Sequencing has become the most important scientific technique and the need for novel sequences is becoming greater by every day. As the sequencing applications are present in clinical diagnostic, comparative genomics, metagenomics, agriculture, medical genetic studies and forensic sciences. Currently, hundreds of species have been sequenced completely including human beings and important model organisms like mice. This wide range of sequencing and production of bulk data has shifted the focus towards analysis of this data to find genetic variations among individuals and to link phenotype with genotype.

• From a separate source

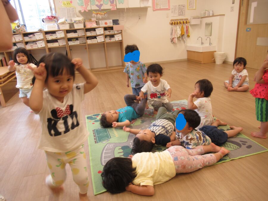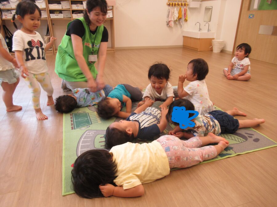 今日は室内で、むっくりくまさんをして遊びました♪

Initially, after the development of sanger sequencing, it remained as the first choice of sequencing till 2005 but it was very expensive, laborious and time consuming. In the last decade, development of ‘next-generation’ techniques is done which is a massively parallel, high-throughput sequencing technique that allows sequencing of huge genomes in a short period of time and has significantly reduced the cost of sequencing. Thus, NGS has allowed us to do analysis of genomes more efficiently. The data generated by the NGS platform is straightforward and it undergoes downstream analysis by using multiple types of computational tools. For understanding, raw sequencing data a number of algorithms are required.

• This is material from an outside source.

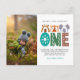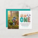 Modern, trendy boy first birthday thank you postcard. Design featuring jungle animals and number one in trendy colorful lettering , thank you message and a photo.
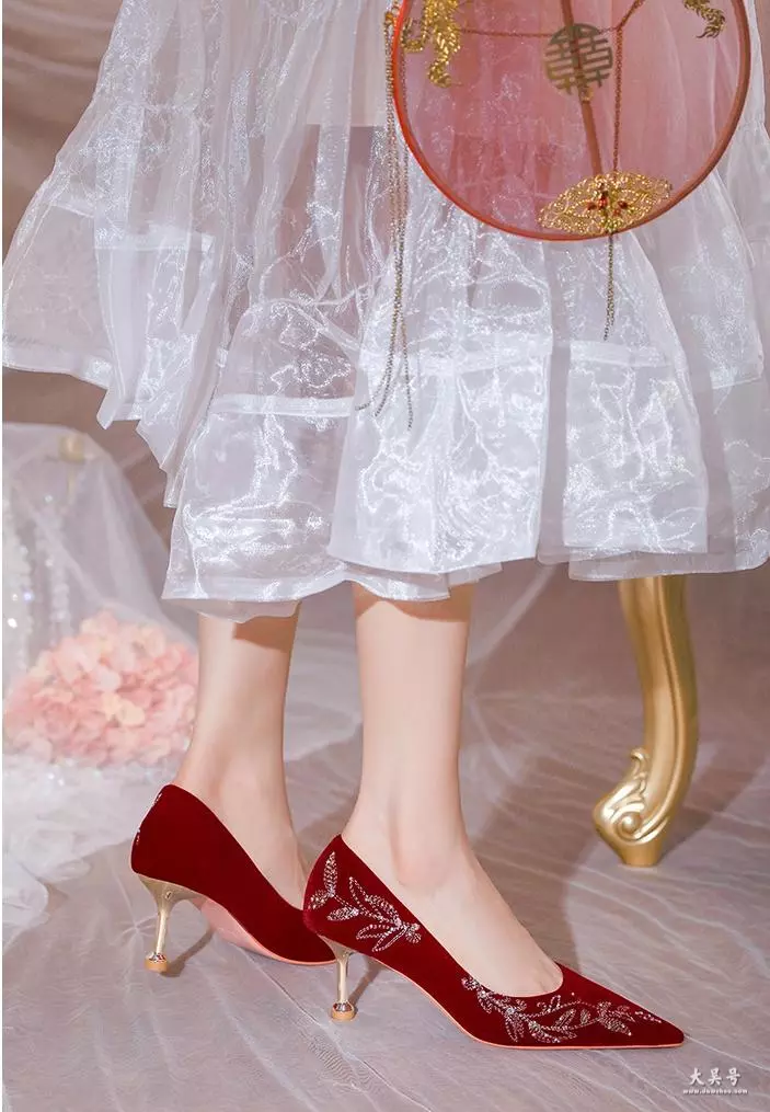 4,中式高跟鞋,也可以搭配汉服的一些汉服鞋、婚鞋,很有国潮范。

The major steps involved in NGS data analysis is given by following figure 1:
Figure 1: General workflow of Next Generation Sequencing
Here in this article our focus will be on step 1 i.e., quality control and data pre-processing.
Pre-processing of NGS data and its necessity:
Quality control and pre-processing of data are important for data analysis because raw data produced after sequencing must be processed so that the results should not have false positive and false negative results. Pre-processing of data not only evaluate each analysis step but also it reduces the amount of low-quality sequence reads or adaptor contaminated sequence reads. Removal of such low-quality reads decrease time and cost of computation analysis and also reliable and high-quality results are obtained.
In any downstream analysis of NGS data, false-positive and false-negative results are produced due to:
Experimental Factors: Like sample contamination or PCR errors
Sequencing Factors: These include quality of sequencing and data contamination caused due to index hopping while splitting data.
Parameters of analysis software factors: this includes alignment softwares or precise type of parameter adjustment of downstream personalized analysis.
The raw sequences generated after sequencing not only contain our DNA sequence of interest, but it also has sequence biases, (for instance through systematic effects like Poisson sampling) and complex artifacts which are generated due to sequencing and experimental steps. These sequence biases and artifacts affect and interfere with precise read alignments which influence the genotyping and variant calling. Therefore, in order to increase the reliability and quality of downstream analysis and reduce the amount of required computational resources, the pre-processing of raw sequence reads is a necessity.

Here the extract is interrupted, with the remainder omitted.